# Task objective
The reply should contain every line of the data, repeated exactly, and no pictures.

# Data
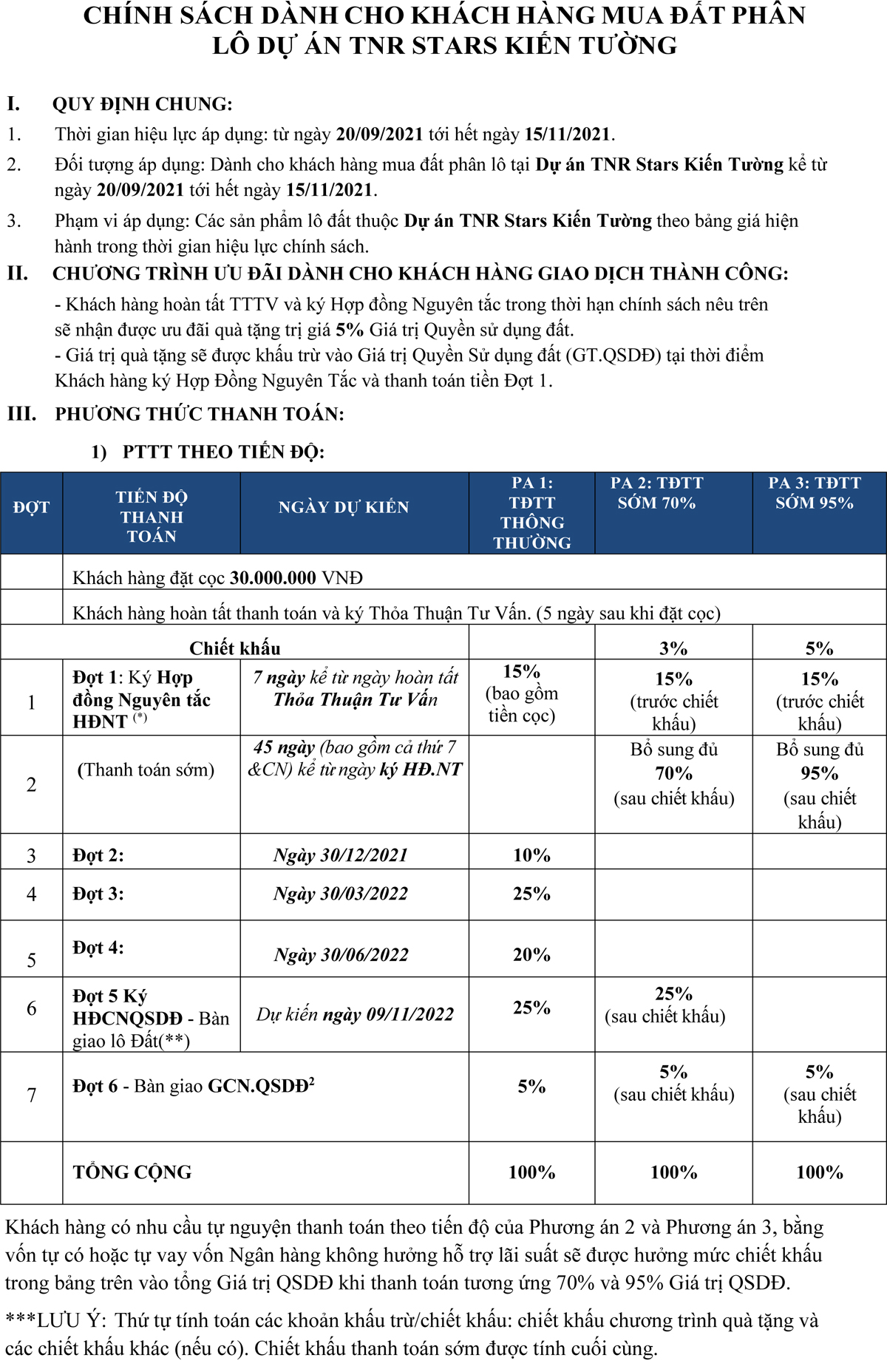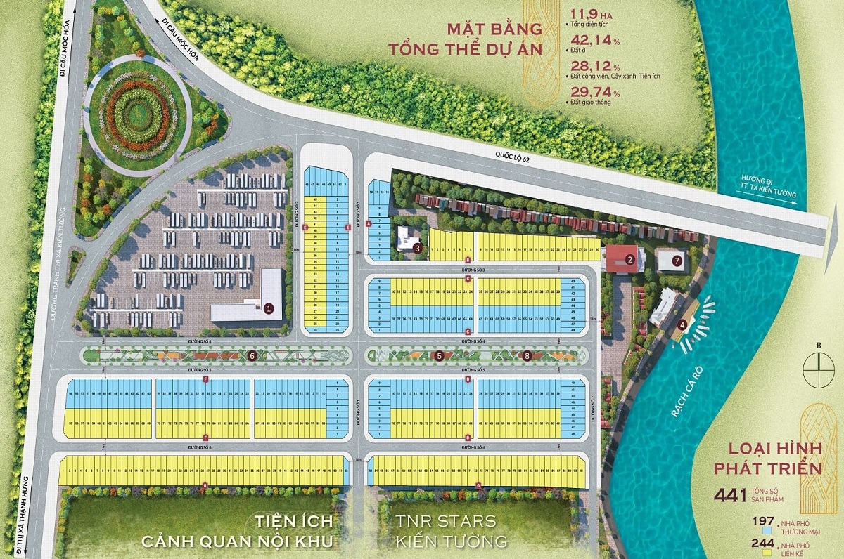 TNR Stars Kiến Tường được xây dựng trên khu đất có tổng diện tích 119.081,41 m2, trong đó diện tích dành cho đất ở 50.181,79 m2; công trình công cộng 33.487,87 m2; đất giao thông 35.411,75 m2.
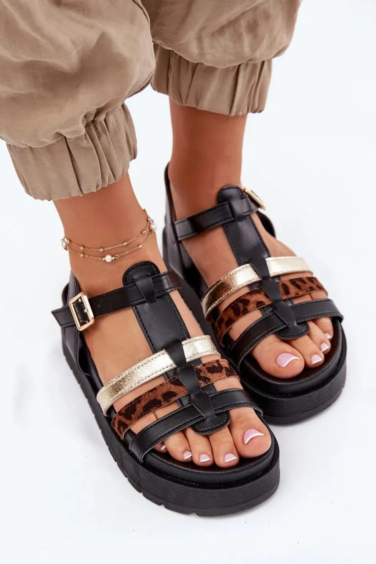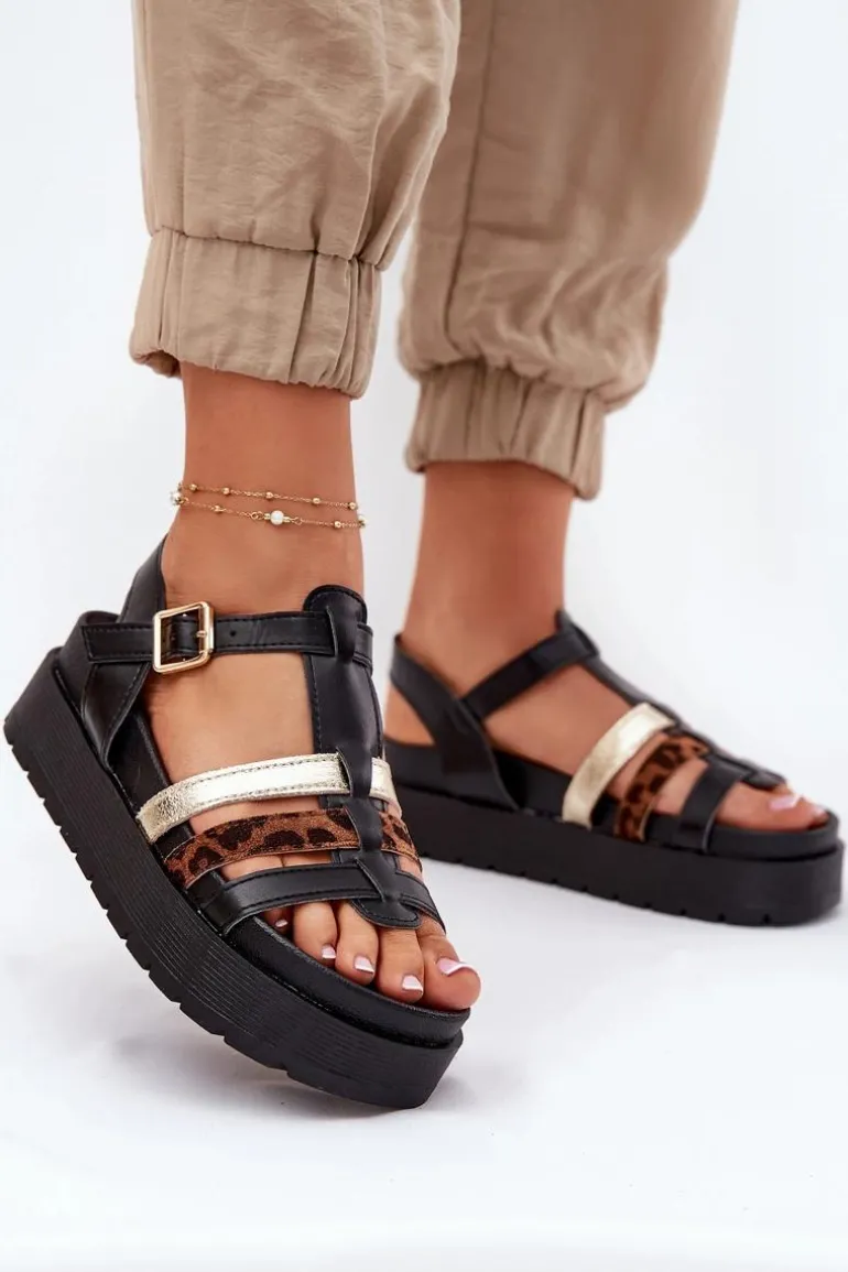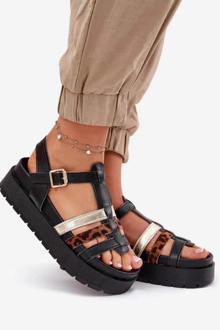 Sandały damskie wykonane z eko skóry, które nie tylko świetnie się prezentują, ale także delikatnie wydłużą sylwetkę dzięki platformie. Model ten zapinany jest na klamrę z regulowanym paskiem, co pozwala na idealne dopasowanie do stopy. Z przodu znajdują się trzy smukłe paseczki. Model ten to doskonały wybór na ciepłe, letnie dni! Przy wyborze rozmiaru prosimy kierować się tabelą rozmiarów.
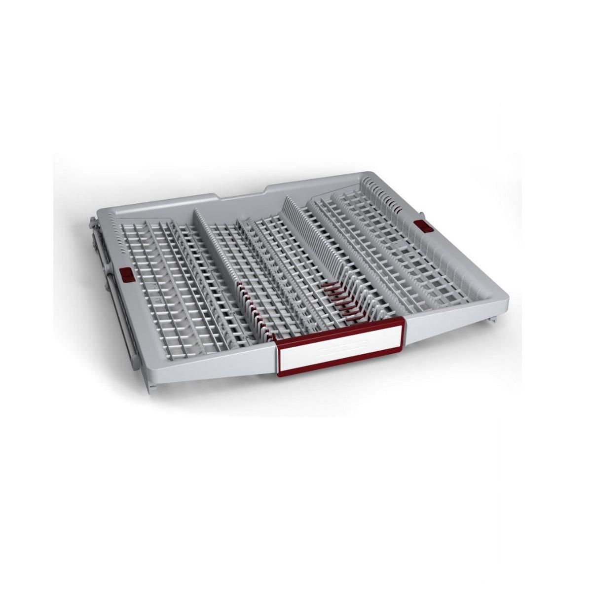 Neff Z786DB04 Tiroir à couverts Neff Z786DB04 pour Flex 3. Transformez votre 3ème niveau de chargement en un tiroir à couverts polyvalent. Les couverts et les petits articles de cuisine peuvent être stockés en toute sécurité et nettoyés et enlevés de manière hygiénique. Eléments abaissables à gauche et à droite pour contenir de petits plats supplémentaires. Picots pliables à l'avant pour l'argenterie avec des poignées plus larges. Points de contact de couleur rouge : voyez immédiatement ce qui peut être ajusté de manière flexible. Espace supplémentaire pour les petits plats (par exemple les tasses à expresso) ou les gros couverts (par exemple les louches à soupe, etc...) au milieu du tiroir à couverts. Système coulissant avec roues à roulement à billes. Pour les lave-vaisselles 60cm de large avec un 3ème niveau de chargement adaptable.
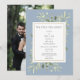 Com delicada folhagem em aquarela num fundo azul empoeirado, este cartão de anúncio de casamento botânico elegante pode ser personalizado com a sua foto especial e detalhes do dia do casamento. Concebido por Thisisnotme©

# Response to this task
 TNR Stars Kiến Tường được xây dựng trên khu đất có tổng diện tích 119.081,41 m2, trong đó diện tích dành cho đất ở 50.181,79 m2; công trình công cộng 33.487,87 m2; đất giao thông 35.411,75 m2.
 Sandały damskie wykonane z eko skóry, które nie tylko świetnie się prezentują, ale także delikatnie wydłużą sylwetkę dzięki platformie. Model ten zapinany jest na klamrę z regulowanym paskiem, co pozwala na idealne dopasowanie do stopy. Z przodu znajdują się trzy smukłe paseczki. Model ten to doskonały wybór na ciepłe, letnie dni! Przy wyborze rozmiaru prosimy kierować się tabelą rozmiarów.
 Neff Z786DB04 Tiroir à couverts Neff Z786DB04 pour Flex 3. Transformez votre 3ème niveau de chargement en un tiroir à couverts polyvalent. Les couverts et les petits articles de cuisine peuvent être stockés en toute sécurité et nettoyés et enlevés de manière hygiénique. Eléments abaissables à gauche et à droite pour contenir de petits plats supplémentaires. Picots pliables à l'avant pour l'argenterie avec des poignées plus larges. Points de contact de couleur rouge : voyez immédiatement ce qui peut être ajusté de manière flexible. Espace supplémentaire pour les petits plats (par exemple les tasses à expresso) ou les gros couverts (par exemple les louches à soupe, etc...) au milieu du tiroir à couverts. Système coulissant avec roues à roulement à billes. Pour les lave-vaisselles 60cm de large avec un 3ème niveau de chargement adaptable.
 Com delicada folhagem em aquarela num fundo azul empoeirado, este cartão de anúncio de casamento botânico elegante pode ser personalizado com a sua foto especial e detalhes do dia do casamento. Concebido por Thisisnotme©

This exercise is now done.